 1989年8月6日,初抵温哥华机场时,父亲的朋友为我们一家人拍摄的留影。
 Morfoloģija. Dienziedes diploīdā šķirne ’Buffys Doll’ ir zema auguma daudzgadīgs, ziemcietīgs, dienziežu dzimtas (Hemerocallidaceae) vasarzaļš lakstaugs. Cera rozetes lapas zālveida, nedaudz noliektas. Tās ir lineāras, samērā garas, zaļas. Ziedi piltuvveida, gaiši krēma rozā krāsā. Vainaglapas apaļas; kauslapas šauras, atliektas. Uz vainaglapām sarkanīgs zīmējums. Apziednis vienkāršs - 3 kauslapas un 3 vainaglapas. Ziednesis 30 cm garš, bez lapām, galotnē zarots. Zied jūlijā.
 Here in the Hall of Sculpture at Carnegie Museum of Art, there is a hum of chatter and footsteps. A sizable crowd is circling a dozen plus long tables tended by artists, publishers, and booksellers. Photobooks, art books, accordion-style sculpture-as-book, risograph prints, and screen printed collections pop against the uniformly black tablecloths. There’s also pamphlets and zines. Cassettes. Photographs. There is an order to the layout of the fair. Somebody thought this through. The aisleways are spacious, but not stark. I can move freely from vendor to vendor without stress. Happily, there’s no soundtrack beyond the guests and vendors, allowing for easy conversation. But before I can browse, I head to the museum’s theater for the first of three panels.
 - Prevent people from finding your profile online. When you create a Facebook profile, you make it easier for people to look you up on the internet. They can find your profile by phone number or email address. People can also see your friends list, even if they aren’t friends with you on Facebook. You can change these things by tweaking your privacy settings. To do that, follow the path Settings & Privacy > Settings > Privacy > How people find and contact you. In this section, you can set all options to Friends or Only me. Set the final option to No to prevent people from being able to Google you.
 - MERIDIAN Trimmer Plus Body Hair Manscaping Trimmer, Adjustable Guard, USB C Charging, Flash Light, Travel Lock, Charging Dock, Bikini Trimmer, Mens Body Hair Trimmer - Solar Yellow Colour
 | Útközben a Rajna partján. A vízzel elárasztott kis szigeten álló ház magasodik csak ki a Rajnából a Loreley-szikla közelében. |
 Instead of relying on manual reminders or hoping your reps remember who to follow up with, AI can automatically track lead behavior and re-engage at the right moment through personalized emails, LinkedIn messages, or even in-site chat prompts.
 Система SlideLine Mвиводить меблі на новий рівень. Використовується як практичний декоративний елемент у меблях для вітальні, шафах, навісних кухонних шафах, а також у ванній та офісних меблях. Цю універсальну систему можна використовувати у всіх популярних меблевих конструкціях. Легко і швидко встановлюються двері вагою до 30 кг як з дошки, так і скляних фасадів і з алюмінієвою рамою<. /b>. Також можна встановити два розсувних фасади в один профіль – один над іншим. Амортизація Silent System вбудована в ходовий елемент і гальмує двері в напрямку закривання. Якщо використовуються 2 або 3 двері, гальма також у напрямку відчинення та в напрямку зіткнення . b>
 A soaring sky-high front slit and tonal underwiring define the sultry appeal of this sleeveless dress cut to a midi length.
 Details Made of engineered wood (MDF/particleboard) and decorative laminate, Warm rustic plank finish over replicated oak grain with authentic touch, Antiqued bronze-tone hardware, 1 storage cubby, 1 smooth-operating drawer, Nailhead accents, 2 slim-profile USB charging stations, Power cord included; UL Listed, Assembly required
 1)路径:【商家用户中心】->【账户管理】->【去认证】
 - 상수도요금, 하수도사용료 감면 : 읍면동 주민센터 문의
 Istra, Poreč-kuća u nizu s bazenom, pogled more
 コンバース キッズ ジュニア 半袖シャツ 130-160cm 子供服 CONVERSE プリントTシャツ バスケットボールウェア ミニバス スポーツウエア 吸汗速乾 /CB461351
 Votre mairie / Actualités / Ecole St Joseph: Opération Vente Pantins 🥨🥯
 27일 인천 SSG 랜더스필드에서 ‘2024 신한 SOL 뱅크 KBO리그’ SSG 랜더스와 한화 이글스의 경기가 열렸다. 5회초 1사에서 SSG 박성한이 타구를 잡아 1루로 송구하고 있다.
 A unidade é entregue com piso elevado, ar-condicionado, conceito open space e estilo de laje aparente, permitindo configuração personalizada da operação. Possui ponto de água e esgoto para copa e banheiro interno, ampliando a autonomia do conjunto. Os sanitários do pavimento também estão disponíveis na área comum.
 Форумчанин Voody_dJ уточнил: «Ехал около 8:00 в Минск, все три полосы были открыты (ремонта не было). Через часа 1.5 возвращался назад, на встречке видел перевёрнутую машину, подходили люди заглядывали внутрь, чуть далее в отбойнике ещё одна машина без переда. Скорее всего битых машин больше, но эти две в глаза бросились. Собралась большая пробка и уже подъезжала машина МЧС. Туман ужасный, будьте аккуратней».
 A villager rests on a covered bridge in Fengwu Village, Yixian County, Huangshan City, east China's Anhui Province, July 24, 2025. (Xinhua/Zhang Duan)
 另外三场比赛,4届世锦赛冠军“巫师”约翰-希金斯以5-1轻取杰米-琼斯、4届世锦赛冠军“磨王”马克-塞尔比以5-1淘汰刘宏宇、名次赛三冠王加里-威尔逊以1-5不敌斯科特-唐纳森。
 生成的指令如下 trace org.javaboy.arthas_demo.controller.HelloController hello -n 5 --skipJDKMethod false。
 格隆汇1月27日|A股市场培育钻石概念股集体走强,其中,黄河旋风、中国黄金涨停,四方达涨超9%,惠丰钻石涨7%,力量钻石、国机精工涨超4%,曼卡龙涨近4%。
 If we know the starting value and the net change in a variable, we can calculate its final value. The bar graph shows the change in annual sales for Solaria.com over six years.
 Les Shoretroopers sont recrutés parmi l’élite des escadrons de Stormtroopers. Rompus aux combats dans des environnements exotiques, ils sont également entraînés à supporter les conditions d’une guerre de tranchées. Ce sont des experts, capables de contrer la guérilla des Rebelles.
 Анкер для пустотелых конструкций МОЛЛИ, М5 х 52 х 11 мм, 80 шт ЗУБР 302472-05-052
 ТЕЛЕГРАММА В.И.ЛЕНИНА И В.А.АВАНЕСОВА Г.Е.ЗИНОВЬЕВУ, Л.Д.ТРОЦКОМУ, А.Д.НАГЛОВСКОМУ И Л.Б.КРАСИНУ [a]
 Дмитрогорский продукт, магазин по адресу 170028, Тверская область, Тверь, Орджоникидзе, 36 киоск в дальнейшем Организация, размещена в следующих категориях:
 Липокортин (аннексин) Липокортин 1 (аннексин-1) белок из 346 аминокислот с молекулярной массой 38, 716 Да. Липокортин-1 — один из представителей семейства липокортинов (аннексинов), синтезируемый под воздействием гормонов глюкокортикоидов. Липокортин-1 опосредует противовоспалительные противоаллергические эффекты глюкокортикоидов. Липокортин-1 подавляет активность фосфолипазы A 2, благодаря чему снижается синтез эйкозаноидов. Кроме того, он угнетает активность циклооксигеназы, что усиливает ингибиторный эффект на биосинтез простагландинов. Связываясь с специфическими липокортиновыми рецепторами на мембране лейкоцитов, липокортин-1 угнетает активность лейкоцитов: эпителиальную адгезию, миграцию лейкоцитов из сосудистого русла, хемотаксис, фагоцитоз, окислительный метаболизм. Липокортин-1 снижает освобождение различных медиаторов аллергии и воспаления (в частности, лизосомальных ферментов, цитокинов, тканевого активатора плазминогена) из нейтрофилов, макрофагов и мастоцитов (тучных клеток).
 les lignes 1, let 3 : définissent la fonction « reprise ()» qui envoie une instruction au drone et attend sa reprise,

****************

# [WORK REQUIRED]
Retype all the records above without changing a word.

# [WRITTEN SOLUTION]
 1989年8月6日,初抵温哥华机场时,父亲的朋友为我们一家人拍摄的留影。
 Morfoloģija. Dienziedes diploīdā šķirne ’Buffys Doll’ ir zema auguma daudzgadīgs, ziemcietīgs, dienziežu dzimtas (Hemerocallidaceae) vasarzaļš lakstaugs. Cera rozetes lapas zālveida, nedaudz noliektas. Tās ir lineāras, samērā garas, zaļas. Ziedi piltuvveida, gaiši krēma rozā krāsā. Vainaglapas apaļas; kauslapas šauras, atliektas. Uz vainaglapām sarkanīgs zīmējums. Apziednis vienkāršs - 3 kauslapas un 3 vainaglapas. Ziednesis 30 cm garš, bez lapām, galotnē zarots. Zied jūlijā.
 Here in the Hall of Sculpture at Carnegie Museum of Art, there is a hum of chatter and footsteps. A sizable crowd is circling a dozen plus long tables tended by artists, publishers, and booksellers. Photobooks, art books, accordion-style sculpture-as-book, risograph prints, and screen printed collections pop against the uniformly black tablecloths. There’s also pamphlets and zines. Cassettes. Photographs. There is an order to the layout of the fair. Somebody thought this through. The aisleways are spacious, but not stark. I can move freely from vendor to vendor without stress. Happily, there’s no soundtrack beyond the guests and vendors, allowing for easy conversation. But before I can browse, I head to the museum’s theater for the first of three panels.
 - Prevent people from finding your profile online. When you create a Facebook profile, you make it easier for people to look you up on the internet. They can find your profile by phone number or email address. People can also see your friends list, even if they aren’t friends with you on Facebook. You can change these things by tweaking your privacy settings. To do that, follow the path Settings & Privacy > Settings > Privacy > How people find and contact you. In this section, you can set all options to Friends or Only me. Set the final option to No to prevent people from being able to Google you.
 - MERIDIAN Trimmer Plus Body Hair Manscaping Trimmer, Adjustable Guard, USB C Charging, Flash Light, Travel Lock, Charging Dock, Bikini Trimmer, Mens Body Hair Trimmer - Solar Yellow Colour
 | Útközben a Rajna partján. A vízzel elárasztott kis szigeten álló ház magasodik csak ki a Rajnából a Loreley-szikla közelében. |
 Instead of relying on manual reminders or hoping your reps remember who to follow up with, AI can automatically track lead behavior and re-engage at the right moment through personalized emails, LinkedIn messages, or even in-site chat prompts.
 Система SlideLine Mвиводить меблі на новий рівень. Використовується як практичний декоративний елемент у меблях для вітальні, шафах, навісних кухонних шафах, а також у ванній та офісних меблях. Цю універсальну систему можна використовувати у всіх популярних меблевих конструкціях. Легко і швидко встановлюються двері вагою до 30 кг як з дошки, так і скляних фасадів і з алюмінієвою рамою<. /b>. Також можна встановити два розсувних фасади в один профіль – один над іншим. Амортизація Silent System вбудована в ходовий елемент і гальмує двері в напрямку закривання. Якщо використовуються 2 або 3 двері, гальма також у напрямку відчинення та в напрямку зіткнення . b>
 A soaring sky-high front slit and tonal underwiring define the sultry appeal of this sleeveless dress cut to a midi length.
 Details Made of engineered wood (MDF/particleboard) and decorative laminate, Warm rustic plank finish over replicated oak grain with authentic touch, Antiqued bronze-tone hardware, 1 storage cubby, 1 smooth-operating drawer, Nailhead accents, 2 slim-profile USB charging stations, Power cord included; UL Listed, Assembly required
 1)路径:【商家用户中心】->【账户管理】->【去认证】
 - 상수도요금, 하수도사용료 감면 : 읍면동 주민센터 문의
 Istra, Poreč-kuća u nizu s bazenom, pogled more
 コンバース キッズ ジュニア 半袖シャツ 130-160cm 子供服 CONVERSE プリントTシャツ バスケットボールウェア ミニバス スポーツウエア 吸汗速乾 /CB461351
 Votre mairie / Actualités / Ecole St Joseph: Opération Vente Pantins 🥨🥯
 27일 인천 SSG 랜더스필드에서 ‘2024 신한 SOL 뱅크 KBO리그’ SSG 랜더스와 한화 이글스의 경기가 열렸다. 5회초 1사에서 SSG 박성한이 타구를 잡아 1루로 송구하고 있다.
 A unidade é entregue com piso elevado, ar-condicionado, conceito open space e estilo de laje aparente, permitindo configuração personalizada da operação. Possui ponto de água e esgoto para copa e banheiro interno, ampliando a autonomia do conjunto. Os sanitários do pavimento também estão disponíveis na área comum.
 Форумчанин Voody_dJ уточнил: «Ехал около 8:00 в Минск, все три полосы были открыты (ремонта не было). Через часа 1.5 возвращался назад, на встречке видел перевёрнутую машину, подходили люди заглядывали внутрь, чуть далее в отбойнике ещё одна машина без переда. Скорее всего битых машин больше, но эти две в глаза бросились. Собралась большая пробка и уже подъезжала машина МЧС. Туман ужасный, будьте аккуратней».
 A villager rests on a covered bridge in Fengwu Village, Yixian County, Huangshan City, east China's Anhui Province, July 24, 2025. (Xinhua/Zhang Duan)
 另外三场比赛,4届世锦赛冠军“巫师”约翰-希金斯以5-1轻取杰米-琼斯、4届世锦赛冠军“磨王”马克-塞尔比以5-1淘汰刘宏宇、名次赛三冠王加里-威尔逊以1-5不敌斯科特-唐纳森。
 生成的指令如下 trace org.javaboy.arthas_demo.controller.HelloController hello -n 5 --skipJDKMethod false。
 格隆汇1月27日|A股市场培育钻石概念股集体走强,其中,黄河旋风、中国黄金涨停,四方达涨超9%,惠丰钻石涨7%,力量钻石、国机精工涨超4%,曼卡龙涨近4%。
 If we know the starting value and the net change in a variable, we can calculate its final value. The bar graph shows the change in annual sales for Solaria.com over six years.
 Les Shoretroopers sont recrutés parmi l’élite des escadrons de Stormtroopers. Rompus aux combats dans des environnements exotiques, ils sont également entraînés à supporter les conditions d’une guerre de tranchées. Ce sont des experts, capables de contrer la guérilla des Rebelles.
 Анкер для пустотелых конструкций МОЛЛИ, М5 х 52 х 11 мм, 80 шт ЗУБР 302472-05-052
 ТЕЛЕГРАММА В.И.ЛЕНИНА И В.А.АВАНЕСОВА Г.Е.ЗИНОВЬЕВУ, Л.Д.ТРОЦКОМУ, А.Д.НАГЛОВСКОМУ И Л.Б.КРАСИНУ [a]
 Дмитрогорский продукт, магазин по адресу 170028, Тверская область, Тверь, Орджоникидзе, 36 киоск в дальнейшем Организация, размещена в следующих категориях:
 Липокортин (аннексин) Липокортин 1 (аннексин-1) белок из 346 аминокислот с молекулярной массой 38, 716 Да. Липокортин-1 — один из представителей семейства липокортинов (аннексинов), синтезируемый под воздействием гормонов глюкокортикоидов. Липокортин-1 опосредует противовоспалительные противоаллергические эффекты глюкокортикоидов. Липокортин-1 подавляет активность фосфолипазы A 2, благодаря чему снижается синтез эйкозаноидов. Кроме того, он угнетает активность циклооксигеназы, что усиливает ингибиторный эффект на биосинтез простагландинов. Связываясь с специфическими липокортиновыми рецепторами на мембране лейкоцитов, липокортин-1 угнетает активность лейкоцитов: эпителиальную адгезию, миграцию лейкоцитов из сосудистого русла, хемотаксис, фагоцитоз, окислительный метаболизм. Липокортин-1 снижает освобождение различных медиаторов аллергии и воспаления (в частности, лизосомальных ферментов, цитокинов, тканевого активатора плазминогена) из нейтрофилов, макрофагов и мастоцитов (тучных клеток).
 les lignes 1, let 3 : définissent la fonction « reprise ()» qui envoie une instruction au drone et attend sa reprise,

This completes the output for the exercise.